Mamawingingit1234 · 27/08/2018 02:36

I actually feel really bad for OP. It’s sounds like she’s had a tough time. Her MOH agreed to help plan that’s why she was checking about seating charts. And I kinda get where she is coming from with them just deciding to get married rather than an actual proposal. If her friend has a form for this then she’s probably a bit sensitive to it and with what sounds like no other support group (family etc) was depending on MOH more than what’s usually expected of one.

I can relate in a way. I LOVE my bff and with that you take the good with the bad as no one is perfect. However she also has a form for doing the same at time and it can be hard as it’s important to you and therefore you think it should be a little teeny bit important them or at least your feelings about it. I was a bit gutted that after we sent our save the dates she all of a sudden moved her wedding plans from we want to get a house first to we want to do it either month 2 or 3 before yours. AND YES IT TOTALLY COULD HAVE BEEN NOTHING TO DO WITH ME but as I’ve said I’ve know her more than half my life and it’s her MO when feeling she might be left behind.

So OP if you are still reading than yes and no. It’s not unreasonable to expect your loved ones to think of you and something that’s a big deal for you especially when they’ve agreed to help you. Vent here (actually maybe not here with all he previous posts 😂 but I’ll happily listen) and to your DF (like I did) but it would be unreasonable to say something to her and a lose a friendship over it. Some people just can’t help making it about them just like you can’t help being upset about it.

Hope it all works out xxxx

Lizzie48 · 27/08/2018 02:45

I might agree if the OP's wedding was a couple of weeks away, @Mamawingingit1234 but it's still 3 months away! And her friend hasn't set a date, she's just announced her engagement, which, I'm sorry, isn't about her friend who is getting married.

But I do tend to be happy for my friends and family who have good news to share, as they are important to me. (And this included friends who got pregnant whilst I was struggling with infertility.)

So sorry, I don't have much sympathy here.

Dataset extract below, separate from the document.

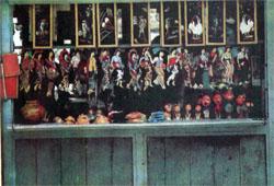 Небольшая лавчонка, в которой торговала, конечно, женщина, была открыта чуть ли не со всех сторон. Увидев нас, хозяйка приветливо приглашает зайти что-нибудь купить. Увы, ассортимент слишком скуден: слипшиеся от жары и давности конфеты, вяленая рыбешка с палец величиной, рисовые лепешки, плоды сахарной пальмы.

Albert2 · 27/08/2018 03:31

Your friend is just excited to be getting married too. I suggest finding someone else to help you plan the wedding. If she is bothering you that much maybe find another MOH.

SummerIsEasy · 27/08/2018 03:55

My DH was military 36 years ago when we planned out wedding. He was not in the least involved until two days before the wedding when he turned up, hung over after a stag do in Germany with his mates.

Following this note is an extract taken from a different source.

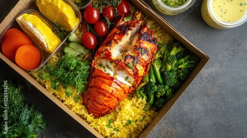 luxury, boxed, seafood, lobster, tail, rice, saffron, infused, vegetable, organic, epicure, elegant, upscale, fine, dining, take-out, premium, exclusive, meal, cookery, delicious, fresh, plated, bento, concept, cardboard box, refined, posh, dinner, lunch, indulgent, high-end, culinary, chef, presentation, savoury, exquisite, favor, colourful, stylish, modern, eatery, ready, fancy, nourishment, taste, portion, healthy, vibrant

We would happily have gone without the whole thing, but my parents expected a decent wedding and to be fair they paid for it. It was their day, most of the guests were extended family and my parents also invited their friends. My parents sorted out the seating plan, so that Auntie so and so would be happy with who they sat next to. It seemed to be much more important to them to put on a show than it was to us. My own friends were rationed and put on a small table.

I was expected to have my two younger sisters as bridesmaids, because my parents wanted this, when I would have much preferred my best mate from school.

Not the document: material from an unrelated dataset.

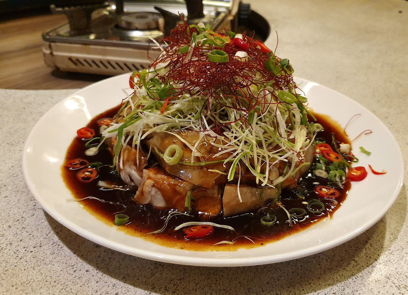 疫情期間店家間隔座位區,所以好的座位區難找,好不容易在下面找了一桌,因為鄰座客人吸煙,讓我們想再找一下位子,帶著年紀稍長的岳母上上下下階梯來回找尋,她的膝蓋不是很好,終於找到一桌剛離開收拾好確定沒人放東西,查看空了一小片刻,所以我們就坐好預填寫菜單和座位,此時一名男店員跑來就說這桌有人預定了。

To be honest I would rather have had the money spent to save for a deposit on our first home. None of it matters now.

Frogpond · 27/08/2018 04:21

You are not insane op. I have seen this happen a few times, one friend gets engaged, then the other friend gets upset seeing her friend in the lime light and tries to find a way to push in. Do you have a feeling that he reluctantly agreed to get married after being nagged? You also think your friend will probably be single by your wedding because the closer your wedding gets the more she will push him?
Find someone else to help you plan the wedding, be nice to your friend she will need your support if her relationship ends. Try to understand it's probably very hard for her to see you planning a wedding when she desperately wants to do the same. So be nice, listen to her talk about her dream day, but don't have her help plan.
I understand how frustrated you must be.